Dataset entries:
# # #

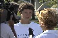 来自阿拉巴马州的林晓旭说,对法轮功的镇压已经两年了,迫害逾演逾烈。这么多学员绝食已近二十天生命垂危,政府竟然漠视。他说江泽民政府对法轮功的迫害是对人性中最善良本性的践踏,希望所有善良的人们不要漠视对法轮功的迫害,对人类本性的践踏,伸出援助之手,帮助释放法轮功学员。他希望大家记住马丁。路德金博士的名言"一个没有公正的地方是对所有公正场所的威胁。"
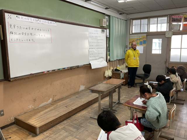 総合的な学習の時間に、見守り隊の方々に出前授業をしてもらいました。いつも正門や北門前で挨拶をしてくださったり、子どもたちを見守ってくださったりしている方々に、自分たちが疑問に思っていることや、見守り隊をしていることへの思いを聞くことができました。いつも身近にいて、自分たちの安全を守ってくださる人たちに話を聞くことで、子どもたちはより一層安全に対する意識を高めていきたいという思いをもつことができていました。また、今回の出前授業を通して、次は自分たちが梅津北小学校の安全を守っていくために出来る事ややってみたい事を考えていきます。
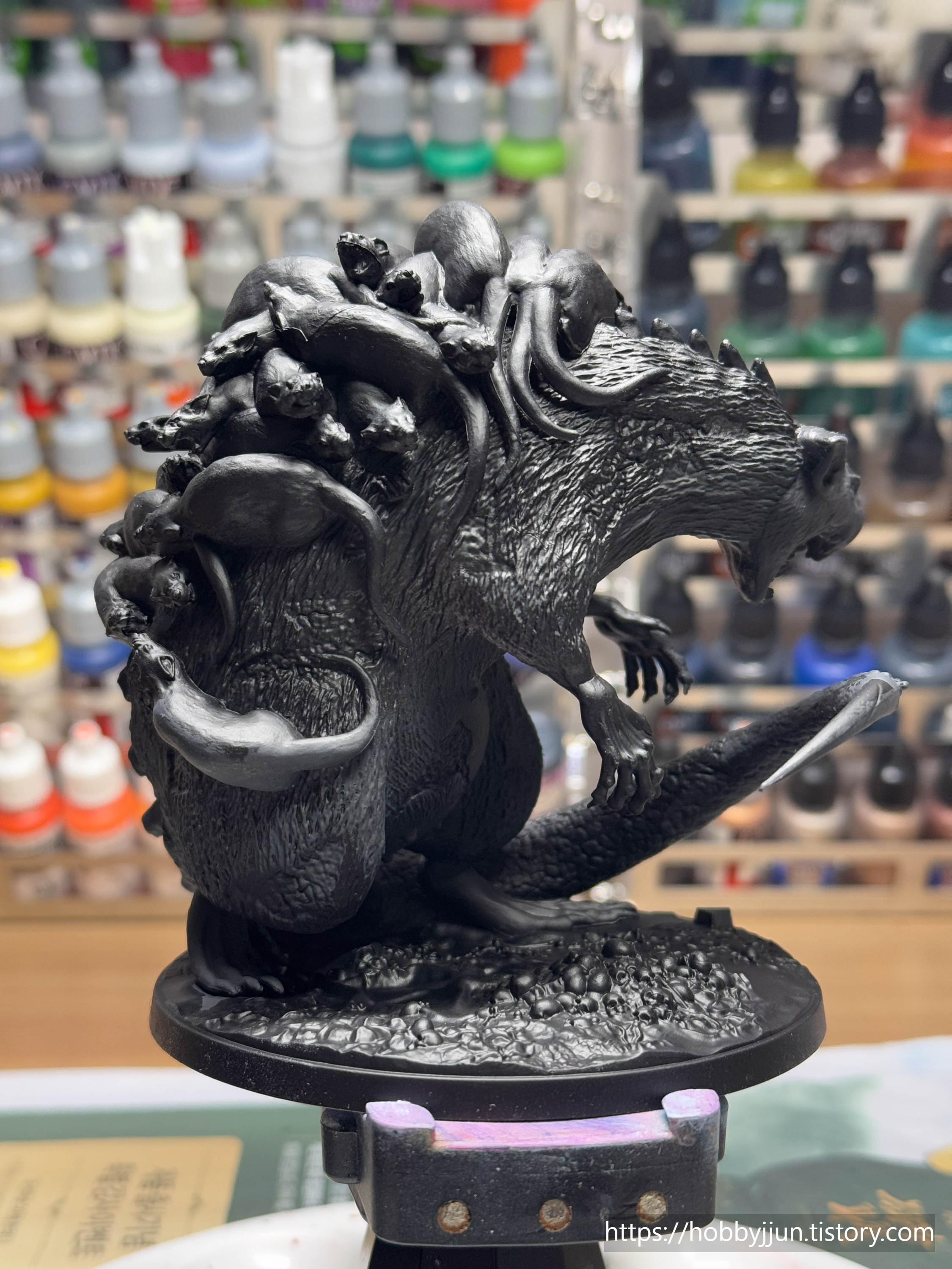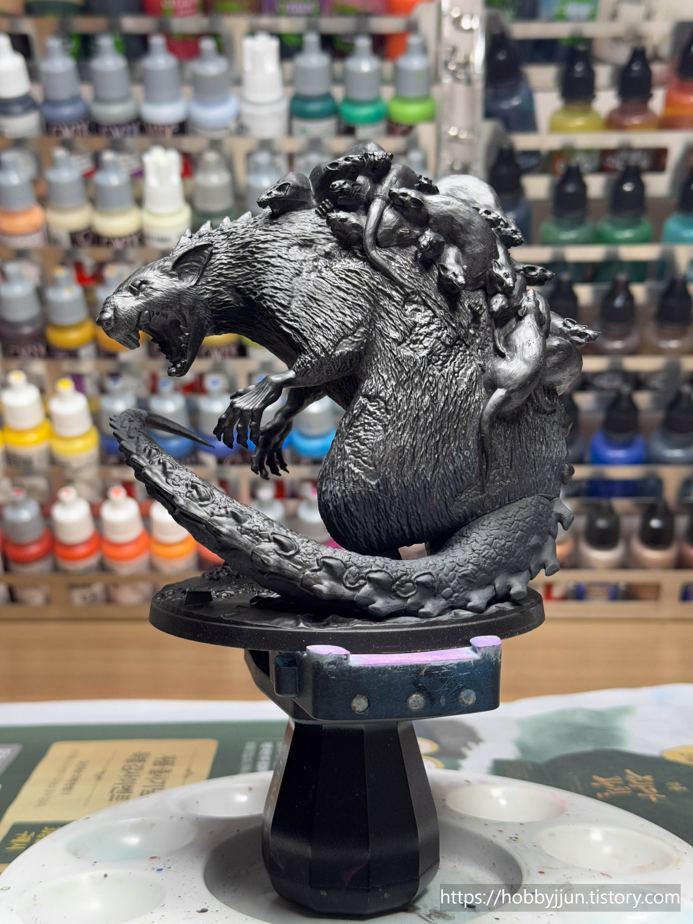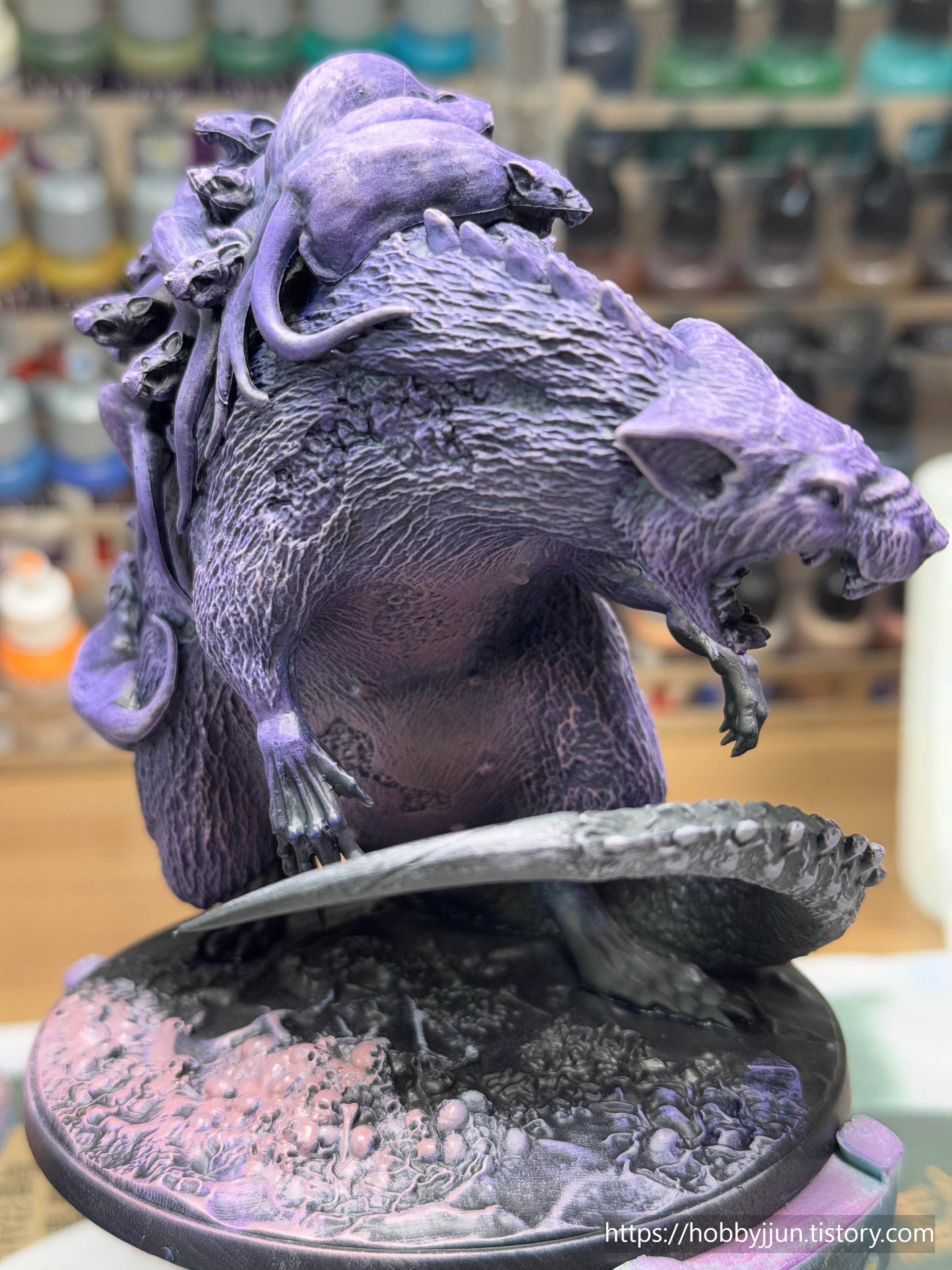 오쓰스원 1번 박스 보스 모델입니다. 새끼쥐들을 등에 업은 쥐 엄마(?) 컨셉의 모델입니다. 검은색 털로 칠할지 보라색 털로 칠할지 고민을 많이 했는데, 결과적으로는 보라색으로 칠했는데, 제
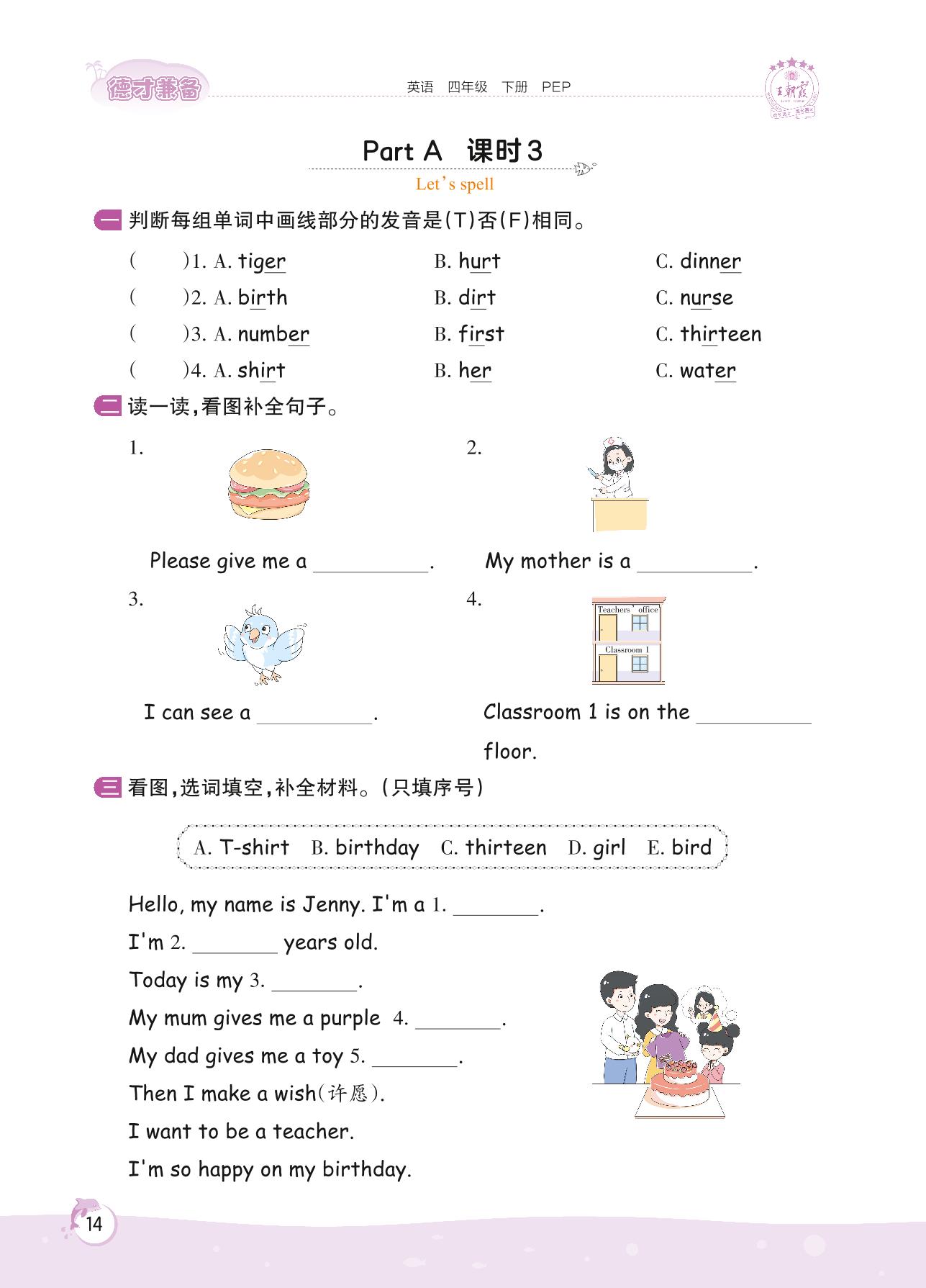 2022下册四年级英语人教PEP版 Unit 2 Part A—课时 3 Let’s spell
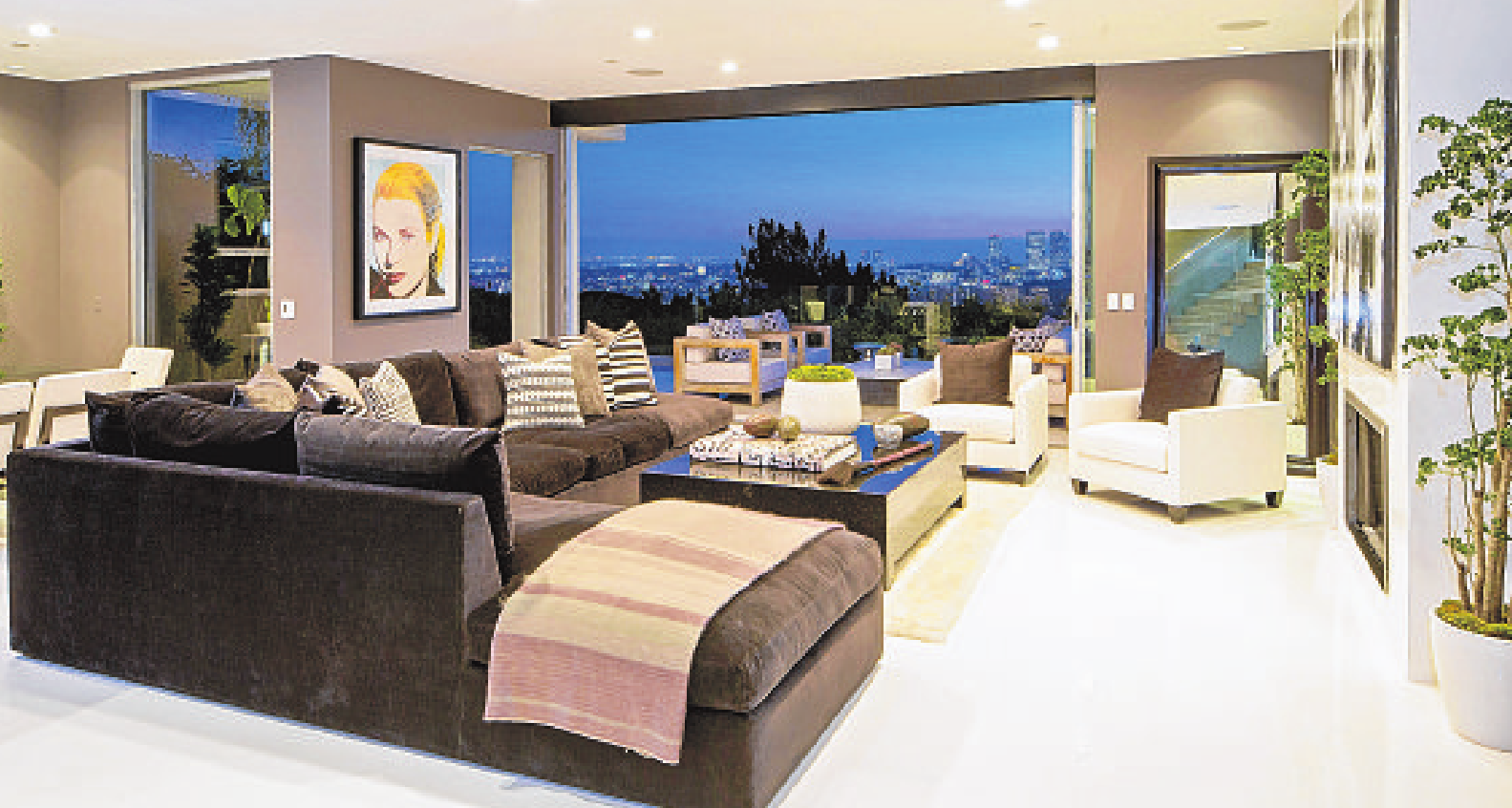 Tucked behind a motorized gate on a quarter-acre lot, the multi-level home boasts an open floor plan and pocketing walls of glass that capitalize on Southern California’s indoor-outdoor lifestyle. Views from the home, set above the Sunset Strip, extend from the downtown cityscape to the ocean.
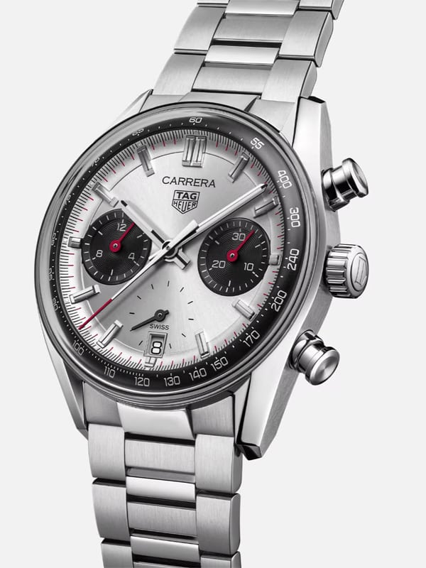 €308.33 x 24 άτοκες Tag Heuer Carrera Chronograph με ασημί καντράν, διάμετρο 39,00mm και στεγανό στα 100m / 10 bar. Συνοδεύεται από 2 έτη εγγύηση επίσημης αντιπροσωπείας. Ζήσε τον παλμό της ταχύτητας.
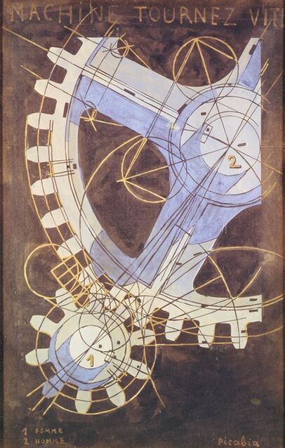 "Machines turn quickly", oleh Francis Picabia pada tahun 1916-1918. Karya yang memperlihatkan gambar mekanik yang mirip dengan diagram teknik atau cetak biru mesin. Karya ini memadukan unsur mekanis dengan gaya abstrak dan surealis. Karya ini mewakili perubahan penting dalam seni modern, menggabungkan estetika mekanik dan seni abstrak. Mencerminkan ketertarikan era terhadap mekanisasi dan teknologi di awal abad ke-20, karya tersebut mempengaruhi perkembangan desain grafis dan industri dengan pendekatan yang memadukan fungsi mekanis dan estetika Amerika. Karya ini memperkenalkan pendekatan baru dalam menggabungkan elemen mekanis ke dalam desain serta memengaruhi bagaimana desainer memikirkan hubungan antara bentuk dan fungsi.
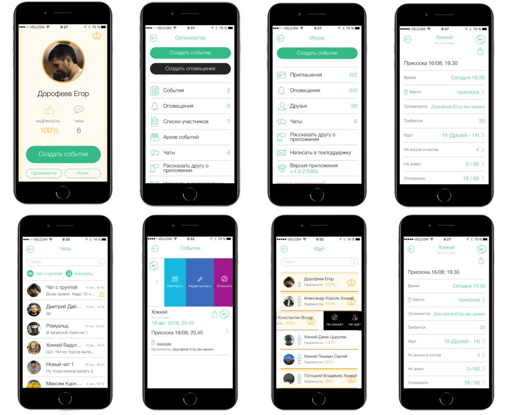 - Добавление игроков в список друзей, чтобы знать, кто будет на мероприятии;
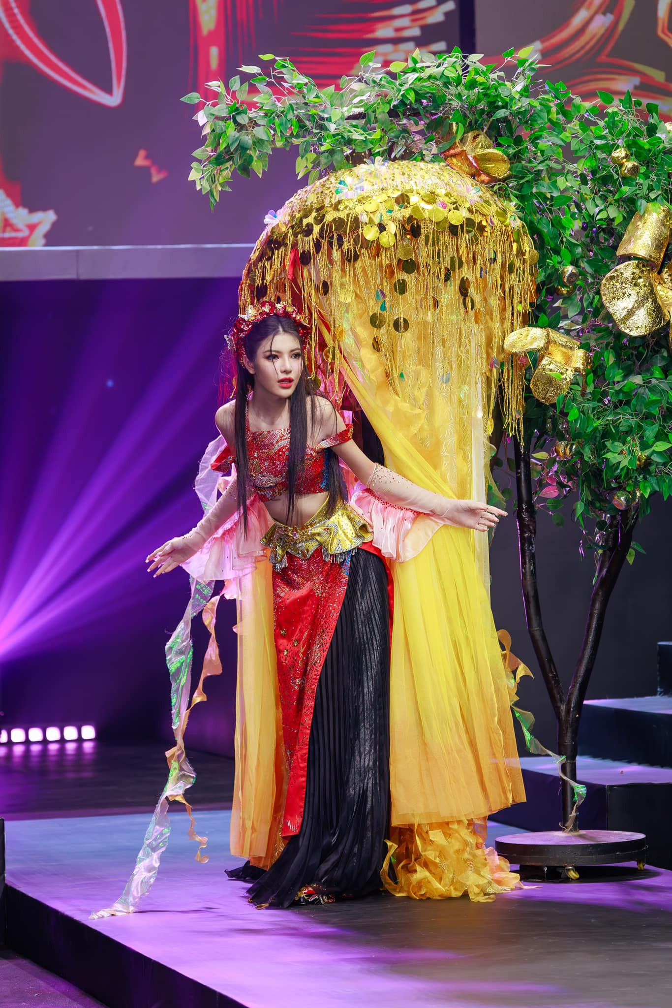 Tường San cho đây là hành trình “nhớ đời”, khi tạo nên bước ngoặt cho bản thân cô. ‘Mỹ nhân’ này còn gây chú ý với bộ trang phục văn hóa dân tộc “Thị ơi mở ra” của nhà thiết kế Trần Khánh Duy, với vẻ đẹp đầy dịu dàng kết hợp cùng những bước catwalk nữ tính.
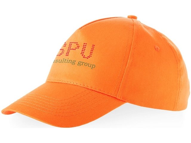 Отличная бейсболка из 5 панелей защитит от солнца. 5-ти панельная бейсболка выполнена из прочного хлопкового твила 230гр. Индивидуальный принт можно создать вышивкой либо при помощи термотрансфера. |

# # #

- What you have to do -
From the line containing "오쓰스원 1번 박스 보스" through the line containing "2022下册四年级英语人教PEP版 Unit 2", copy every line above exactly, without pictures.

- Solved exercise -
 오쓰스원 1번 박스 보스 모델입니다. 새끼쥐들을 등에 업은 쥐 엄마(?) 컨셉의 모델입니다. 검은색 털로 칠할지 보라색 털로 칠할지 고민을 많이 했는데, 결과적으로는 보라색으로 칠했는데, 제
 2022下册四年级英语人教PEP版 Unit 2 Part A—课时 3 Let’s spell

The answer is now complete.